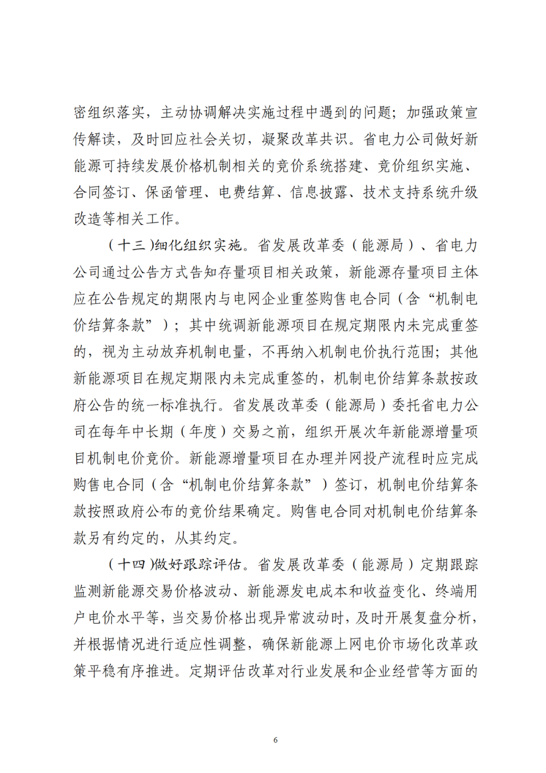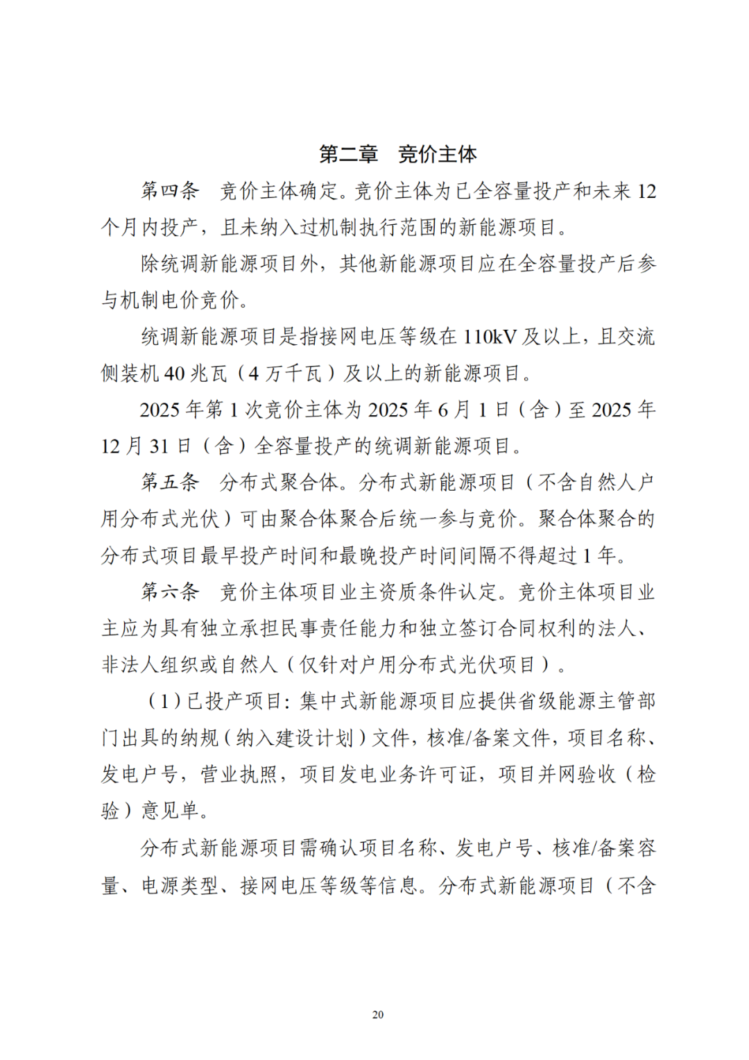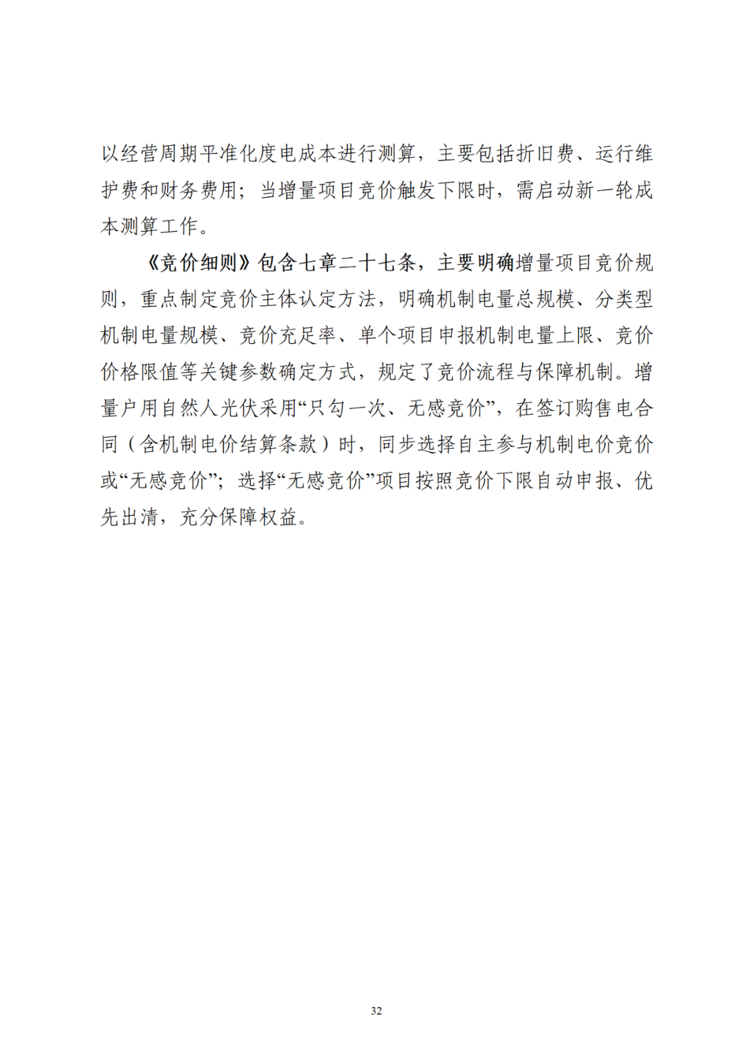 1.机制电价、机制电量,通过全省集中性竞价确定,实行分类组织竞价。分类组织竞价时,同一年度竞价采用相同的竞价上限、下限。参与深远海(国管海域)风电竞价主体较为集中的,不单独组织竞价,可由“根据项目成本调查结果,与其他类型竞价结果联动”等市场化方式形成机制电价。除统调新能源项目外,其他新能源项目应在全容量投产后参与竞价。
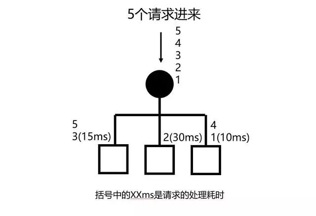 这也是一种动态负载均衡策略,它的本质是根据每个节点对过去一段时间内的响应情况来分配,响应越快分配的越多。具体的运作方式也有很多,上图的这种可以理解为,将最近一段时间的请求耗时的平均值记录下来,结合前面的「加权轮询」来处理,所以等价于2:1:3的加权轮询。
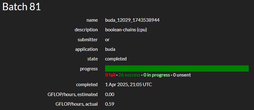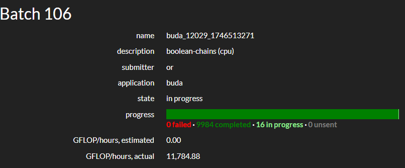 Vitalii Koshura @AenVampire · Jun 1, 2025 The Boolean Chains project (the first hosted by #BOINC Central) has reached a milestone: the search space for N=15, L=21 is done. See a discussion of the results: boinc.berkeley.edu/central/forum_… #DistributedComputing #VolunteerComputing #GridComputing #CitizenScience 1 2 141
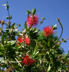 ブラシの木に良く似た赤い花(写真左)と広大な畑。レストランの外はこんな景色だった。(写真右)
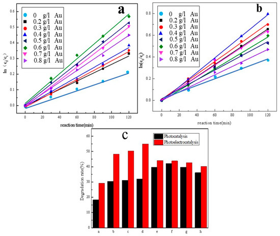 The photocatalytic and photoelectrocatalytic performance bestowed by the Au loading on the TiO2 nanotubes were estimated via the degradation of nitrobenzene solution, a refractory organic wastewater, under room-temperature. The degradation rate curve of nitrobenzene fundamentally corresponded to the first-order kinetic equation (lnC0/Ct = kat) in photocatalysis and photoelectrocatalysis, as shown in Figure 6a,b. Significantly, ka increased gradually with the increase in the Au loading, and ka decreased as the Au loading continued to increase. The degradation rates of the nitrobenzene solution with different concentrations are summarized in Figure 6c.
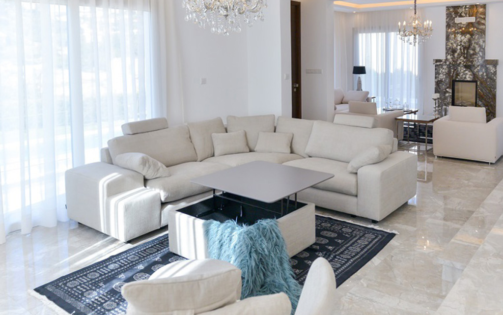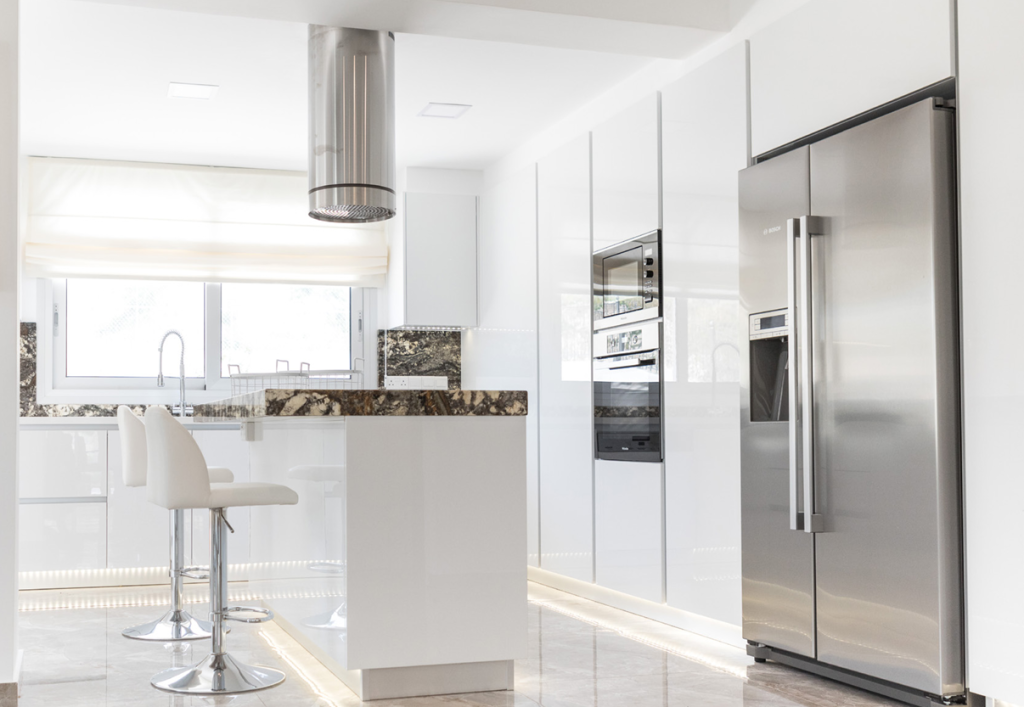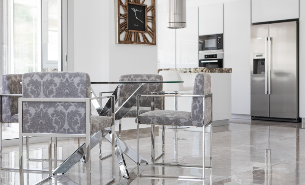 The heart of the villa is the Chef’s gourmet kitchen with imported granite detailing and equipped with stainless steel Bosch appliances that highlight the designer high gloss white finish.
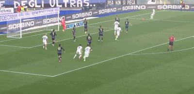 第53分钟,比萨中路射门制造威胁,索默神勇化解
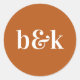 Modern Minimal Monogram Initials Orange Wedding Cl Classic Round Sticker
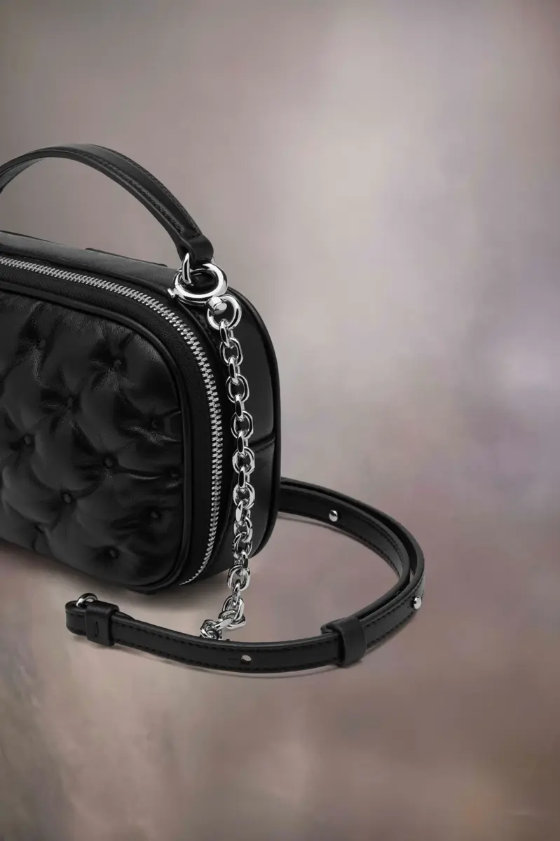 The mini Glam Slam camera belt bag is crafted from embroidered nappa leather. The Glam Slam debuted in the SS18 show and has a quilted design which mimics matelassé – the style of hand-stitched quilts created in Marseilles, France. The concept reflects the Maison’s notion of unconscious glamour and evokes its association to comfort, following the study into dressing and travelling rituals worldwide. This style features a top handle, belt strap, chain and is adorned with the numeric logo on the zip pull.

→ What you should do
Restate word for word the lines of the data above that begin at the line with "这也是一种动态负载均衡策略,它的本质是根" and end at the line with "ブラシの木に良く似た赤い花(写真左)と広", keeping both ends and dropping every picture.

→ Result of this task
 这也是一种动态负载均衡策略,它的本质是根据每个节点对过去一段时间内的响应情况来分配,响应越快分配的越多。具体的运作方式也有很多,上图的这种可以理解为,将最近一段时间的请求耗时的平均值记录下来,结合前面的「加权轮询」来处理,所以等价于2:1:3的加权轮询。
 Vitalii Koshura @AenVampire · Jun 1, 2025 The Boolean Chains project (the first hosted by #BOINC Central) has reached a milestone: the search space for N=15, L=21 is done. See a discussion of the results: boinc.berkeley.edu/central/forum_… #DistributedComputing #VolunteerComputing #GridComputing #CitizenScience 1 2 141
 ブラシの木に良く似た赤い花(写真左)と広大な畑。レストランの外はこんな景色だった。(写真右)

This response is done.